# Whittle Aero V-8



## av_kel (Apr 3, 2008)

Hi, I'm new to the board and figured my first post should be my current project, which is a Whittle Aero V-8. I have taken pics of most construction to this point and they are located on my webpage which I'll provide a link to. The pic is just an assemblage of parts to this point

Rob







http://www.dragondark.us/projects/wv8/wv8index.html


----------



## Brass_Machine (Apr 3, 2008)

Welcome to the club. Nice job on the engine.


Eric


----------



## Mcgyver (Apr 3, 2008)

terrific project Rob, one i'd like to build. welcome


----------



## Bogstandard (Apr 3, 2008)

Rob,
Welcome.
Really nice work you are doing there.

This Whittle V8 must be about the smallest bar stock one there is to make. A real challenge to make, but a real nice engine when finished, shame he never designed a proper ignition system for it.
I think the original builder did it in about six months.

John


----------



## GailInNM (Apr 3, 2008)

Rob,
Looks great.
I am sure you are aware of of the Yahoo group for the Whittle V8, but some of the other readers may not be an might enjoy the visit.
http://groups.yahoo.com/group/WhittleV8/
The group has been a little quiet for a while, but every now and then some one pops their head up.

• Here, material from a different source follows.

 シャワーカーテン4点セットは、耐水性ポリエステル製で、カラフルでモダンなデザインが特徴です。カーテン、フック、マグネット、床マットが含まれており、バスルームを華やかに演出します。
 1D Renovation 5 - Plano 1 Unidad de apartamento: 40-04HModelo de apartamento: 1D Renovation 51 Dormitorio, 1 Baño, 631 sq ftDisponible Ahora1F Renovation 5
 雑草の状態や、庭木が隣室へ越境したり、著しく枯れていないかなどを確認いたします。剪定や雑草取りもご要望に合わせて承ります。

It is one om my long term projects. I am mostly just working on some of the bits and pieces right not, but need to start the cam shaft soon. There are some errors on it in the original drawing, but I think I have them all sorted out in my head now. Also been working so some small short term projects.

Attached are 2 photos of my crankcase from some time back.

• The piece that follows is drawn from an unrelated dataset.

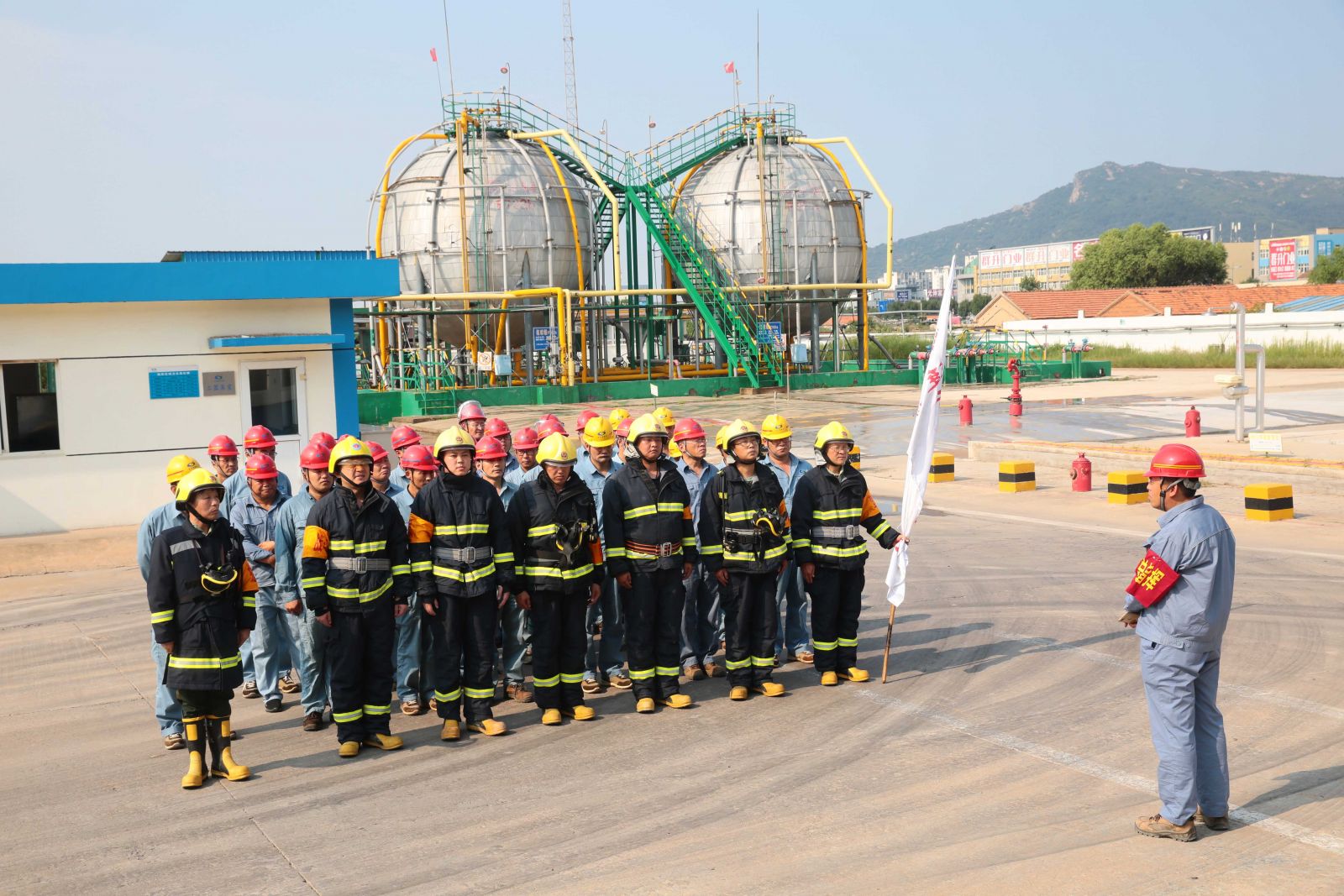 為檢驗(yàn)公司應(yīng)急救援時(shí)各環(huán)節(jié)的協(xié)調(diào)能力和應(yīng)急救援預(yù)案的可操作性,提高應(yīng)急人員在緊急情況下妥善處置突發(fā)事件的實(shí)戰(zhàn)能力,9月5日,公司以“液氨庫(kù)B球罐底部發(fā)生泄漏,現(xiàn)場(chǎng)當(dāng)班工人中毒”為假想事故,在液氨庫(kù)舉行秋季危險(xiǎn)化學(xué)品生產(chǎn)安全事故應(yīng)急救援演練。

Welcome and keep us posted as to your progress.

Gail in NM


----------



## BobWarfield (Apr 3, 2008)

Now that's a cool engine! Very impressive. I hadn't seen that one before.

Thanks for the Yahoo link too. 

Best,

BW


----------



## av_kel (Apr 3, 2008)

Gail, 

 I've seen you work on the other forum, quite impressed. I noticed that you leave the corners on most of the parts like the crankcase fins square. Have you noticed any fitment problems yet doing that? Curious in case I don't feel like profiling some stuff. I haven't done the case ends yet with the bearing structures, but the crank is done, just no pics. I build the pieces willy-nilly instead of in orderly progression. Started with 3 sets of heads, then the crankcase, followed by the crank, and now the cylinders. 6 outta 8 are done except honing.

Rob


----------



## av_kel (Apr 3, 2008)

John, 

 The work is mediocre, I just take pics a good angles! :big:

 Honestly, this is my first attempt at an IC engine and the only 'engine' type machining before this was a partially completed vertical steam engine. I realize now it was a bit of an ambitious project. I figured that because it was small I'd have an easier time with making parts. Boy, was I wrong. But, I find I like the the challenge.

Rob


----------



## GailInNM (Apr 3, 2008)

Rob,
It is quite a bit to chew on for a first IC engine, but judging from the photo and progress you are making it will be a success.

I am taking some liberties with the design. Eric followed a lot of the more or less scale features of the Airdisco engine and some of the things like the rounded corners of the crankcase cooling fins were cast in features where the rounding made for easier pattern draw when casting. I like the look of the square corners, but can always change them if I decide I don't like them. 

Internally I have made a few changes, mostly the crankshaft main journals, bearings and the crankcase bearing support. This was mostly done to simplify the line boring procedure that Eric used and to adapt to some standard imperial size bearings. That also ment changing the crankshaft.

I shared a booth with Eric Whittle at the 1993 NAMES show so he and I got to talk toys quite a bit when things were slow. He had his "Robin" at that show. The V8 used a lot of the Robin in it's design.

Gail in NM, USA


----------



## wareagle (Apr 6, 2008)

Welcome to the board. We are glad to have you!

Your Whittle is looking great. As the others have said, it is a very ambitious project. Please keep us up on the progress.


----------